_WHAT THIS TASK INVOLVES:_ Pictures excluded, output the lines of the data below between the one holding "For carrying out" and the one holding "LPNY New Logo Store", inclusive, exactly as they stand.

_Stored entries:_
☆ ☆ ☆ ☆
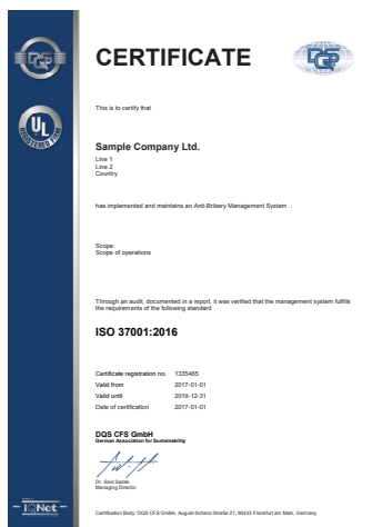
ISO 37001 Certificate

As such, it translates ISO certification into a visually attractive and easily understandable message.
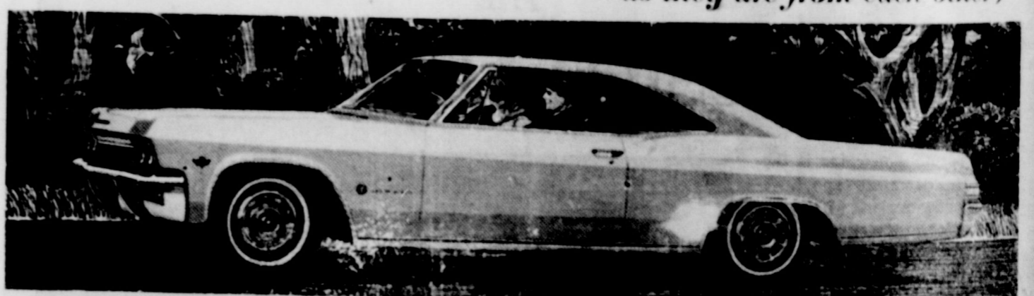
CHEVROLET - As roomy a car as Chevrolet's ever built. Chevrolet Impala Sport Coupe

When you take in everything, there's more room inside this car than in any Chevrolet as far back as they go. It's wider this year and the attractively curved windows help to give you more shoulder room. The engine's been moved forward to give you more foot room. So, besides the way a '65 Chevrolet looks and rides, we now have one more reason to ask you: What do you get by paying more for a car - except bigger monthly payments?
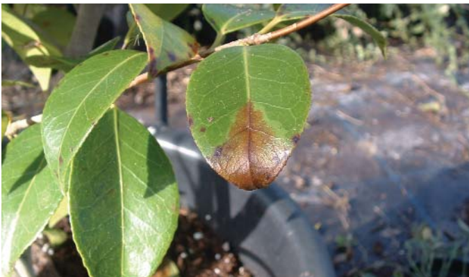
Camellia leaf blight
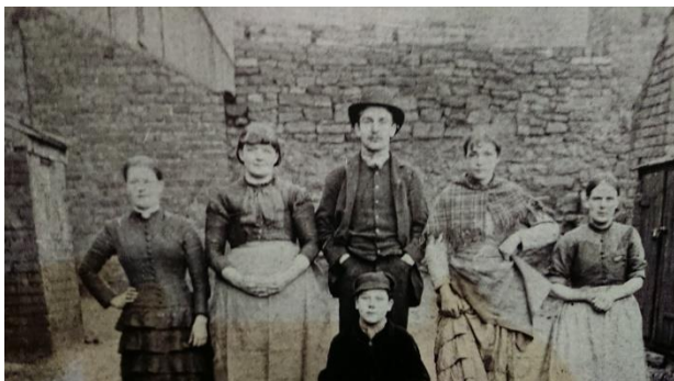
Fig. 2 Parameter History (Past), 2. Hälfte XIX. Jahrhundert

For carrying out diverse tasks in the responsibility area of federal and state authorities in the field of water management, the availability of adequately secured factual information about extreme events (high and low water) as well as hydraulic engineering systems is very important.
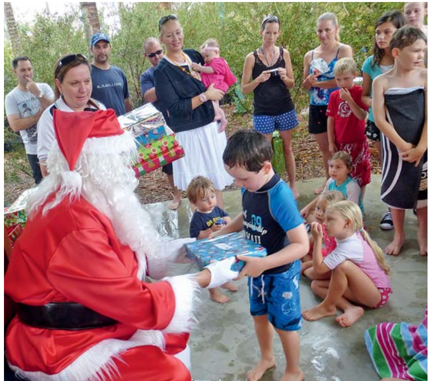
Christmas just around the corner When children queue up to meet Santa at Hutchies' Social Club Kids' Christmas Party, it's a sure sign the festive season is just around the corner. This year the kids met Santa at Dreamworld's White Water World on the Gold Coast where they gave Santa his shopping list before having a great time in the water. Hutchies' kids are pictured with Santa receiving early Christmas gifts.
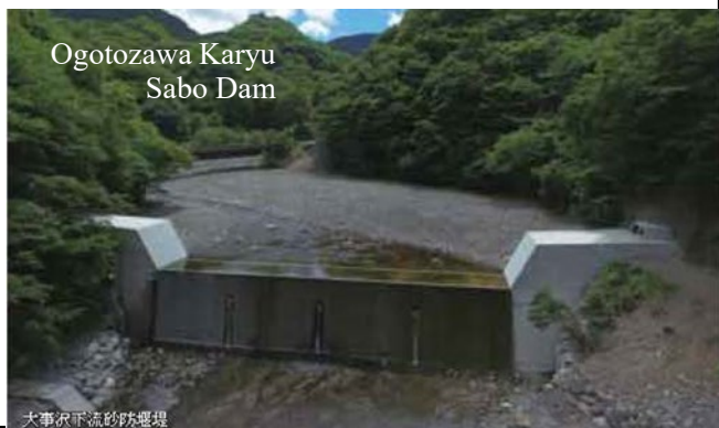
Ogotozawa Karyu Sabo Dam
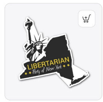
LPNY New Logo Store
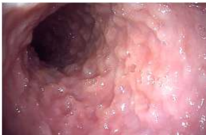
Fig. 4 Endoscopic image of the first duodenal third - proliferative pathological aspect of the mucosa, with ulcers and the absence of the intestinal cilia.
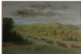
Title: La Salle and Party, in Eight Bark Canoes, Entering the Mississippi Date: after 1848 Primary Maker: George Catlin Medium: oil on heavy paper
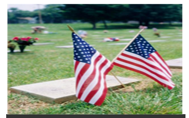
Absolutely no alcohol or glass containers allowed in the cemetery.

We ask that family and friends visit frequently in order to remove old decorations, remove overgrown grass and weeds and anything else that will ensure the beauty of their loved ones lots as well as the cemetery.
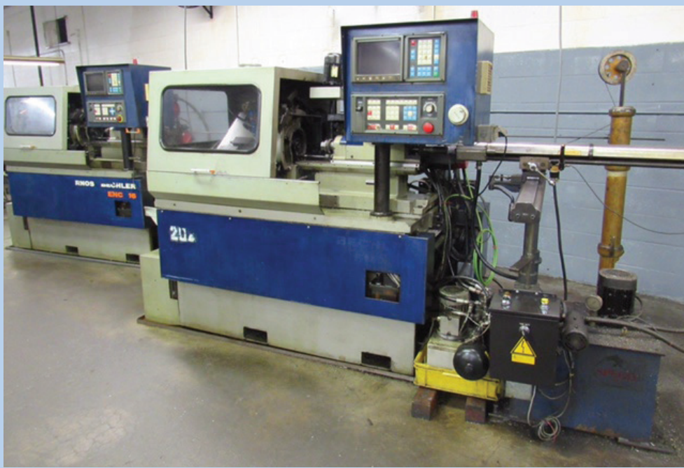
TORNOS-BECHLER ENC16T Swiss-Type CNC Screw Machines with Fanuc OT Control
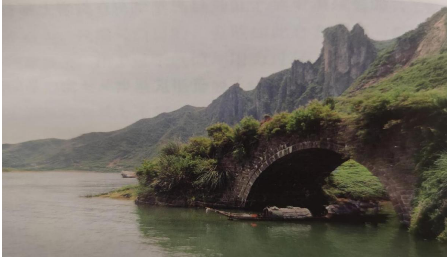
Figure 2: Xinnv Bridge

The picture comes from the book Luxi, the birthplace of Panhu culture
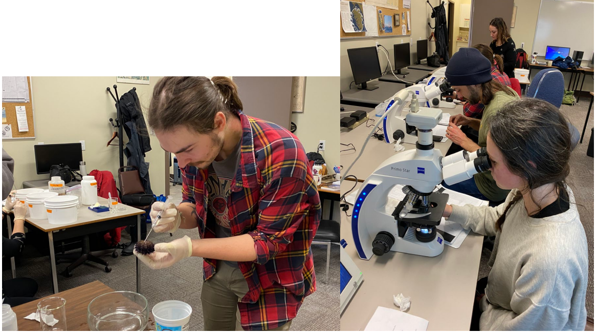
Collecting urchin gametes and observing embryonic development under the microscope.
☆ ☆ ☆ ☆
_EXERCISE ANSWER:_
For carrying out diverse tasks in the responsibility area of federal and state authorities in the field of water management, the availability of adequately secured factual information about extreme events (high and low water) as well as hydraulic engineering systems is very important.
Christmas just around the corner When children queue up to meet Santa at Hutchies' Social Club Kids' Christmas Party, it's a sure sign the festive season is just around the corner. This year the kids met Santa at Dreamworld's White Water World on the Gold Coast where they gave Santa his shopping list before having a great time in the water. Hutchies' kids are pictured with Santa receiving early Christmas gifts.
Ogotozawa Karyu Sabo Dam
LPNY New Logo Store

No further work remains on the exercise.